DPs are calculated from two independent principal component analyses (PCAs). PCA is performed on each p-value-filtered data, ${\text{X}}_{1m}^{\text{'}}$ and ${\text{X}}_{2m}^{\text{'}}$ from step 2. The optimum number of components for each PCA is determined using Malinowski's factor indicator function (IND) [58] with eqs. (1) – (3):

X = TP   (1)

$$R{E}_k=\sqrt{\frac{{\displaystyle \sum _{i=k+1}^g{\lambda }_i}}{p(n-k)}}$$

(2)

$$IN{D}_k=\frac{R{E}_k}{{(n-k)}^2},$$

(3)

where X is either ${\text{X}}_{1m}^{\text{'}}$ and ${\text{X}}_{2m}^{\text{'}}$; T and P are the score and loading matrices of the PCA; λ _i is the i^theigenvalue of the total g eigenvalues; and n and p are the number of samples and the number of genes in the matrix X, respectively.
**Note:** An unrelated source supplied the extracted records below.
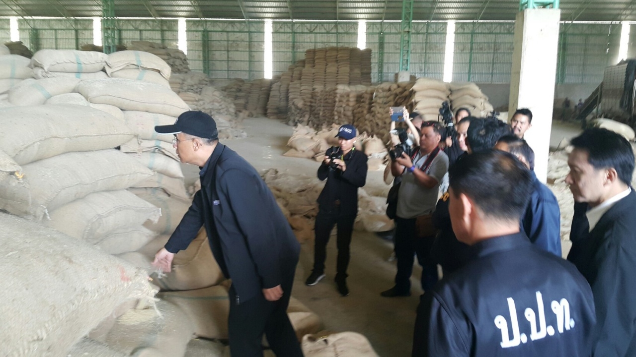 เมื่อเวลา 10.00 น. วันที่ 24 ก.ค.60 ที่สำนักงานป้องกันปราบปรามการทุจริตเขต 6 (ป.ป.ท.เขต 6) นายประยงค์ ปรียาจิตต์ เลขาธิการสำนักงานป้องกันและปราบปรามการทุจริตในภาครัฐ (ป.ป.ท.) ในฐานะเลขาธิการ ศอตช. พร้อม พ.ท.กรทิพย์ ดาโรจน์ รองเลขาธิการ ป.ป.ท. พ.ต.อ.กษิดิศ เพิ่มพูนวิวัฒน์ ผู้อำนวยการสำนักงานป้องกันและปราบปรามการทุจริตในภาครัฐ เขต 6 ลงพื้นที่ตรวจโกดังเก็บรักษาข้าวในคลังสินค้า จ.สุโขทัย ซึ่งเป็นข้าวในโครงการรับจำนำข้าวตั้งแต่ปี 2551-2557 พบว่ามีความเสียหายในการเก็บรักษา และเป็นข้าวเก่า นอกจากนี้ยังพบว่าข้าวมาจากจังหวัดพิษณุโลก ซึ่งไม่ใช่ข้าวของ จังหวัดสุโขทัย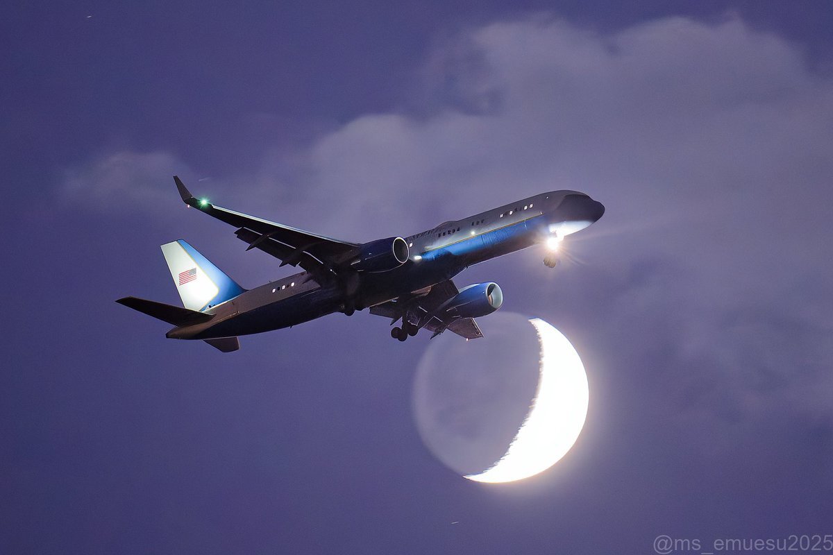 三日月🌙とC32A✈️ 本当はAF1で狙いたかった画ですが サイズバランス的にも 小ぶりな757でちょうど良かったです☺️🩵 たまには飛行機写真もアップ🙌🏻 #USAF #BoeingC32A #boeing757 #SAM47 #随伴機 pic.x.com/zGdbZMl8br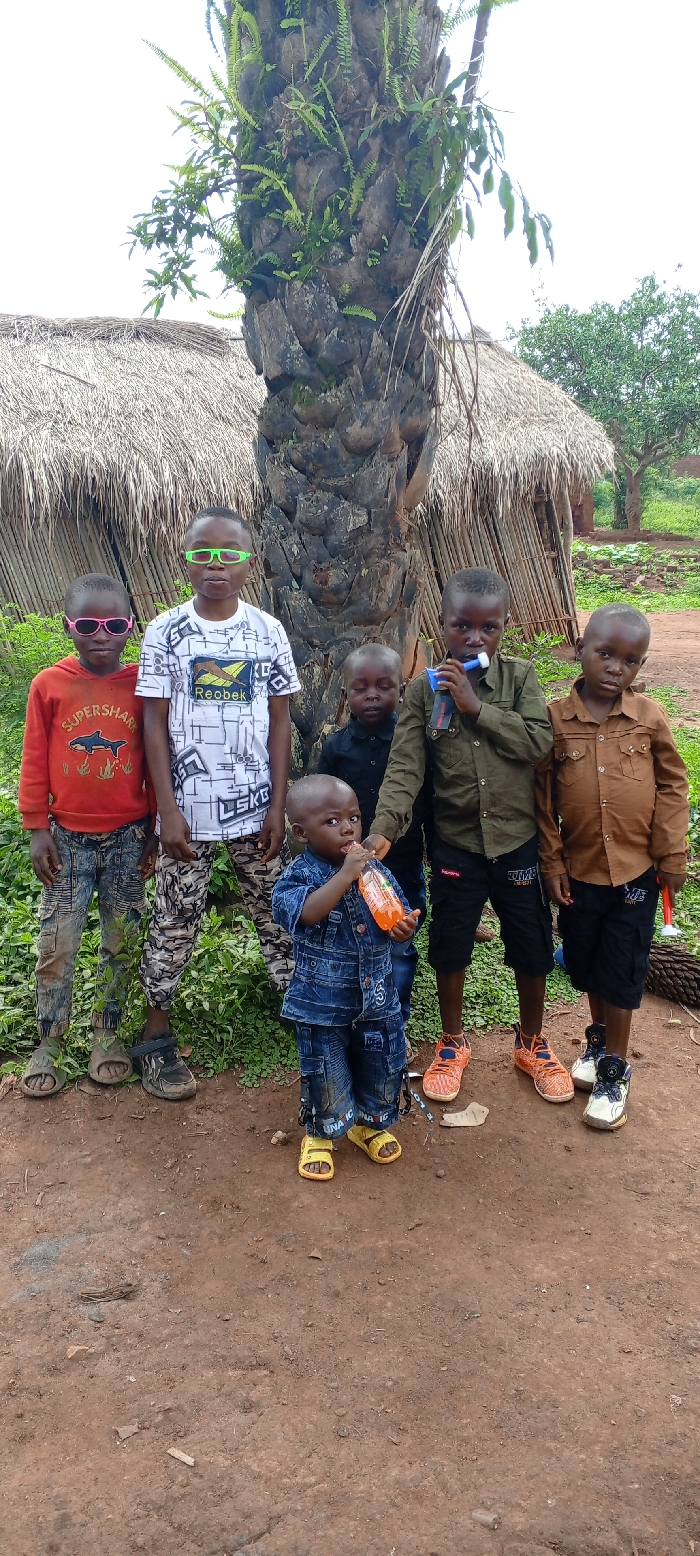 A vertical image captures seven children standing outdoors in Fizi, Democratic Republic of the Congo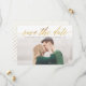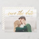 Este elegante guardar las características de fecha de la escritura shimmering en Relieve metalizado falso con un respaldo a rayas. Suba su propia foto y personalizar la información para incluir los detalles de su boda.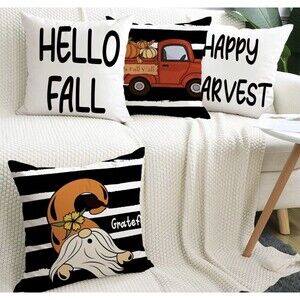Fall Pillow Covers 16x16 Inch Set of 4 Hello Fall Pumpkin Truck Gnome

The optimum number (k) of components for the PCA is the one that yields the minimum IND value. The discrimination power (DP _j ) for a gene j can be calculated with eq. (4):

$${\text{DP}}_j=\frac{{(e_j^{12})}^{\text{T}}(e_j^{12})+{(e_j^{21})}^{\text{T}}(e_j^{21})}{{(e_j^{11})}^{\text{T}}(e_j^{11})+{(e_j^{22})}^{\text{T}}(e_j^{22})},$$

(4)

where $e_j^{11}$, $e_j^{12}$, $e_j^{22}$, and $e_j^{21}$ are the j columns of matrices E₁₁, E₁₂, E₂₂, and E₂₁, respectively. E₁₁ and E₁₂ are the residue matrices after projecting ${\text{X}}_{1m}^{\text{'}}$ into the PCA spaces of class 1 and class 2, respectively, while E₂₂ and E₂₁ are the residue matrices after projecting ${\text{X}}_{2m}^{\text{'}}$ into the PCA spaces of class 1 and class 2, respectively. A residue matrix is calculated with eq. (5).

E = X - XPP^T,   (5)

where E is one of the four residue matrices E₁₁, E₁₂, E₂₂, and E₂₁.

Prediction performance

The prediction performance of a Nearest-Centroid classifier in this study is characterized with four metrics: accuracy, specificity, sensitivity, and the Matthew's correlation coefficient (MCC). The metrics can be calculated from the prediction confusion matrix shown in Table 5 as follows:

Table 5 The prediction confusion matrix

$$Accuracy=\frac{TP+TN}{TP+TN+FP+FN}$$

(6)

$$Specificity=\frac{TN}{TN+FP}$$

(7)

$$Sensitivity=\frac{TP}{TP+FN}$$

(8)

$$MCC=\frac{TP\times TN-FP\times FN}{\sqrt{(TP+FP)\times (TP+FN)\times (TN+FP)\times (TN+FN)}},$$

(9)

where TP, TN, FP, FN are respectively the numbers of true positive, true negative, false positive, and false negative predictions in the confusion matrix (Table 5).